Apple granted new patent for dual-display MacBook with biometric sensors
iPhone 13 biometrics could work with masks, may drop Touch ID

Apple has reportedly unveiled new Face ID hardware designed to biometrically identify people wearing masks and glasses on upcoming iPhone devices, FPT reports.

The Cupertino-based firm is currently testing the technology via a prototype case for the iPhone 12 that includes a separate array of cameras.

According to FTP, the face biometrics technology would scan a user’s face without any obstruction first, and then be able to identify them even with portions of their face occluded by a face mask or glasses.

If brought to market, the technology would remove the need for an Apple Watch, which is currently needed to authenticate and unlock iPhone devices if the user is wearing a mask.

Touch ID may not return to iPhone devices

In a week full of rumors for Apple, the iPhone manufacturer has allegedly dropped initial plans to bring back Touch ID biometrics on upcoming iPhones.

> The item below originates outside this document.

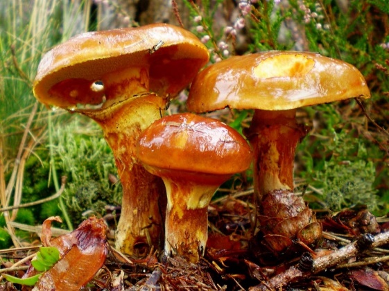 Tento druh patří k jedlým druhům, má hnědý nebo žlutý klobouk s mírně konvexním nebo plochým tvarem. Jeho pokožka je mastná na dotek, lze ji snadno odstranit. Noha nemá prsten, hustý, válcovitý tvar, mnohem lehčí než čepice. Jeho výška je asi 8 cm.
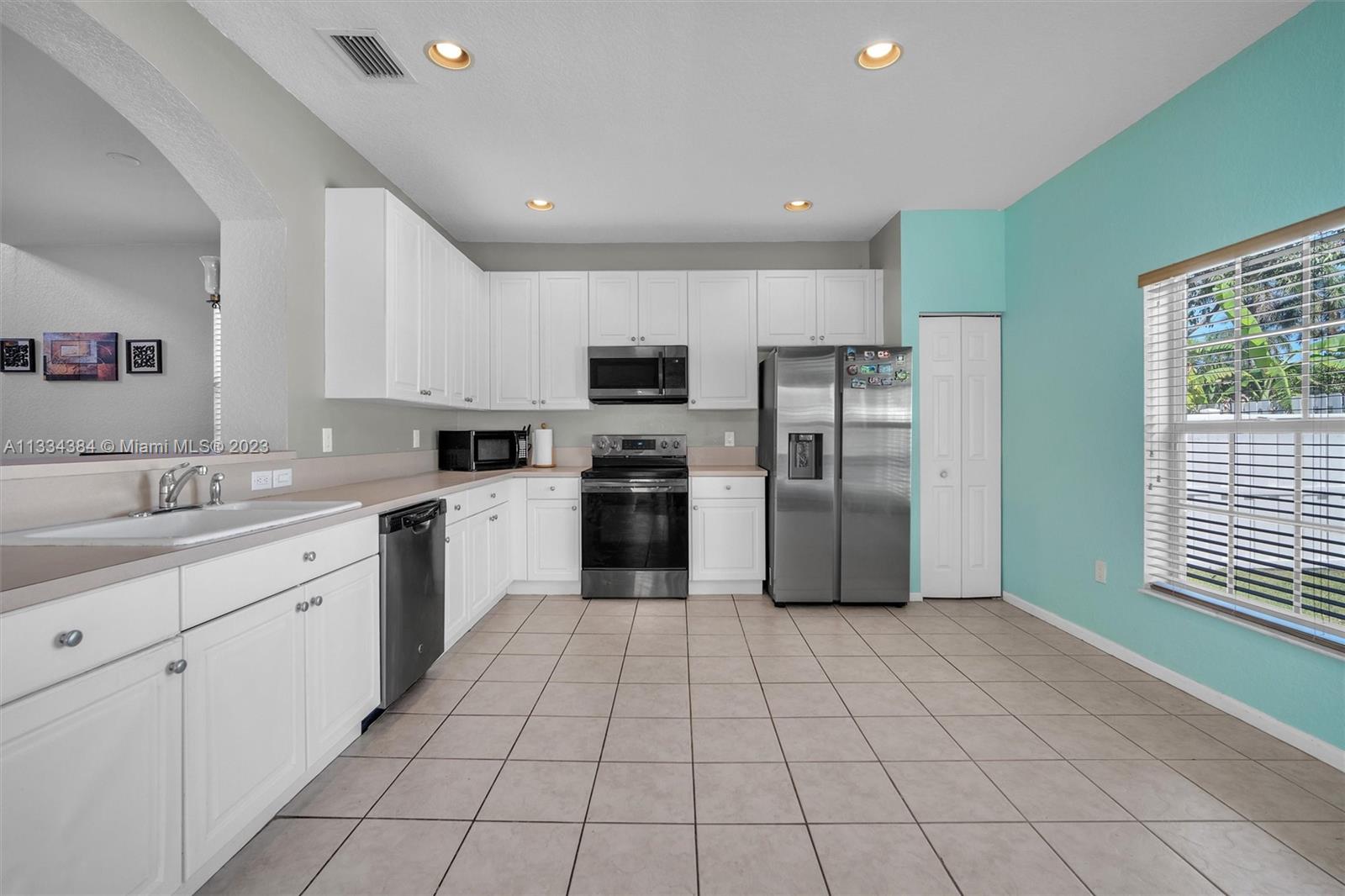 Beautiful and spacious single-family home in the desirable Monarch Lakes development in Miramar. Soaring two story high ceiling as soon as you enter. This home is very spacious, has plenty of natural light, high volume ceilings and neutral tile throughout the first floor and wood floors upstairs. Great layout for the Living, dining and Family room with an open concept kitchen with new SS appliances overlooking living room. Large master bedroom with hardwood floors and a walk-in closet; master bathroom with roman tub, standing shower, and dual sinks. Split floor plan upstairs. Backyard is completely fenced - in with covered siting area great for entertainment. Close to highways I-75 and Turnpike, shopping stores and malls, Great schools, and recreation parks.

The news comes from Bloomberg, with Mark Gurman reporting in his latest Power On newsletter issue that an under-screen Touch ID sensor “won’t make the cut” in the ‌iPhone 13‌.

According to the technology expert, the move would be justified by Apple’s plans to include Face ID under the display instead of Touch ID.

Still, a recent patent filed by the company showcased an under-display camera working with both Face ID and Touch ID, so it may be too early to draw conclusions in one direction or the other.

Apple granted new biometric-sensor-focused patent for MacBook

And speaking about patents, the U.S. Patent and Trademark Office (USPTO) has also granted a new one this week referring to a dual-display based MacBook with an array of biometric sensors.

Spotted by Patently Apple, the patent document for a ‘Device having integrated interface system’ describes an advanced interface system replacing the traditional keyboard area with a morphing virtual interface for different keyboard configurations.

Possibly intended to support gaming and other creative applications, the patent shows different keyboard layouts, including one resembling a game controller.

Several biometric sensors built into the new design, such as optical and capacitive sensors, would allow the users to take advantage of various sensing techniques.

The biometric sensors may also reportedly include facial recognition sensors, thus effectively bringing Face ID to MacBook devices.